Any idea when the menus that are in SD only will get a HD version?


----------



## VirginMediaPhil

Oops I forgot to post my post I wrote before I linked to this on Cable Forum.

Thank you very much for all the information, great to see some of the limitations like the Sky channels in guide being lifted. Also, reminders! Yay!


----------



## howardmicks

Was hoping they would sort out the option for suggested programs in hd if available rather than sd


----------



## Buzby

_Q.When will we be able to transfer content to a computer?
A. This will not happen to contracts and copy right laws we have with our content providers._

Forget a competing computer - what about a portable device, as service already offered by TiVo in the US. I'd like to spool off some programming to watch on the train when I'm away from home.

Lastly, still no mention of the PIN protect disablement, which is seriously making me doubt my sanity at the number of times and innocent programmes it blocks.


----------



## OzSat

Even the S1 style - PIN entry enables for a timed period would be better.


----------



## Halifax81

howardmicks said:


> Was hoping they would sort out the option for suggested programs in hd if available rather than sd


Yes much needed function in my opinion I cringe when I see a suggestion recorded in sd which was also broadcast in hd


----------



## royfox

Thanks Kier for the update. There is one question Id like to ask if possible. 

Q. is there any chance the guide data UI can be the same, visually as the S1?


----------



## °Keir°

You're welcome guys, I'll ask your questions on Monday for you and post back in here when I've got more info.


----------



## VirginMediaPhil

Will the guide data for 'New' episodes only be sorted, as apparently some shows have the US premiere dates and not the UK ones.


----------



## Karnak

I too would like it if the old style over-layed TV guide could be brought back. Given this is available on the TiVo premier in the US this should be possible. Asked about this in the VM forums but got no answer.

Also want to throw my weight behind the suggestion for android remote applications.


----------



## Tony Hoyle

Well if they enable the ipad version by simply enabling the tivo API that it uses on the US Tivos then android apps should be simple enough (and AFAIK there are a number already).

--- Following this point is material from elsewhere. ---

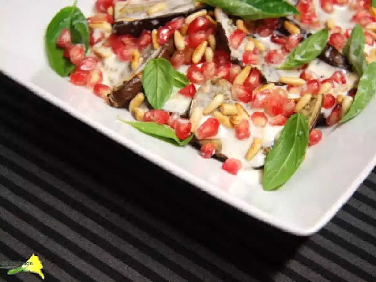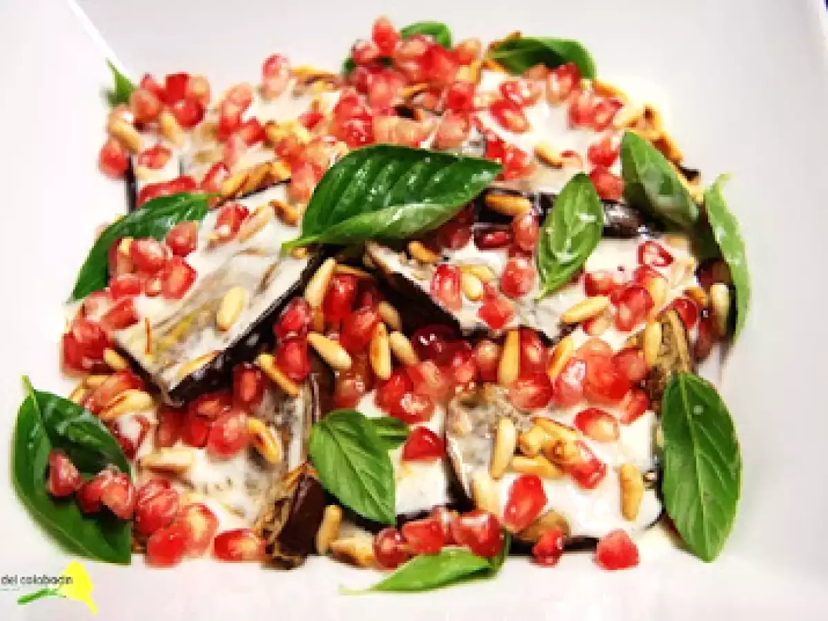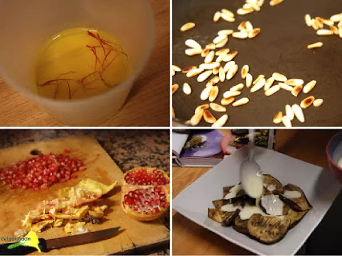 Berenjenas asadas con yogur al azafrán AnteriorSiguiente PlatoFácil30 min518 Kcal Enviar esta receta a un amigo Imprimir esta página Preguntar al autor Publicar la foto de esta receta Optar por un plato simple, rápido y nutritivo. Ingredientes 1 un par de berenjenas un puñado de piñones los granos de media granada hojas de albahaca unas hebras de azafrán 150 g de yogur natural un chorrito de zumo de limón aceite de oliva y sal Costo estimado: 3.23Euros€ (3.23€/porción)

Of course they could do something wierd instead...


----------



## Manster62

> Red button functions will be more app orientated. By the time the 2012 Olympics start we hope to gave users an option of 24 different events VIA the 'BBCi app' - 2012


I hope that this doesn't mean that we won't get any red-button functions for BBC until the Olympics in 2010?? The red button interactive services are badly needed for those of us that watch sports multi-screen etc.


----------



## The Wishlist

°Keir°;8487397 said:


> You're welcome guys, I'll ask your questions on Monday for you and post back in here when I've got more info.

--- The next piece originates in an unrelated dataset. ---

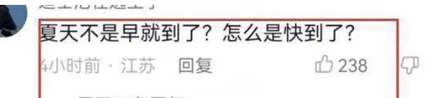 也有網友吐槽道:我們不是一個國家嗎?為什么你的夏天快到了,我們已經過了兩個月夏天了,有的地方的天氣早就三十六七度了!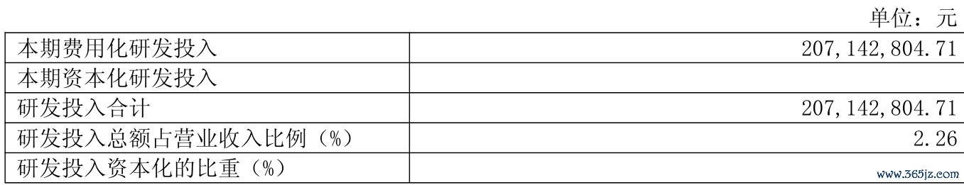 2024年全年,公司研发投入金额为2.07亿元,同比增长14.11%;研发投入占营业收入比例为2.26%,相比上年同期上升0.58个百分点。此外,公司全年研发投入资本化率为0%。

Any chance you could also ask about filtering Wishlists to the channels set as favourites?

As mentioned by other posters on here, Wishlists need some kind of filter since we don't get the option to remove channels on VM TiVo.


----------



## cwaring

Seconded. If my wishlist for "Films: Musicals" was set to auto-record I would have three copies of "Mary Poppins" recorded earlier from BBC1, BBC England, BBC Scotland, BBC Wales, BBC1 AD..... etc.


----------



## nbaker

And we desperately need the old style guide filters back, the current ones are pretty useless and I have to resort to online tv listings such as http://www.filmflow.tv/.


----------



## Ianl

Buzby said:


> _Q.When will we be able to transfer content to a computer?
> A. This will not happen to contracts and copy right laws we have with our content providers._
> 
> Forget a competing computer - what about a portable device, as service already offered by TiVo in the US. I'd like to spool off some programming to watch on the train when I'm away from home.
> 
> Lastly, still no mention of the PIN protect disablement, which is seriously making me doubt my sanity at the number of times and innocent programmes it blocks.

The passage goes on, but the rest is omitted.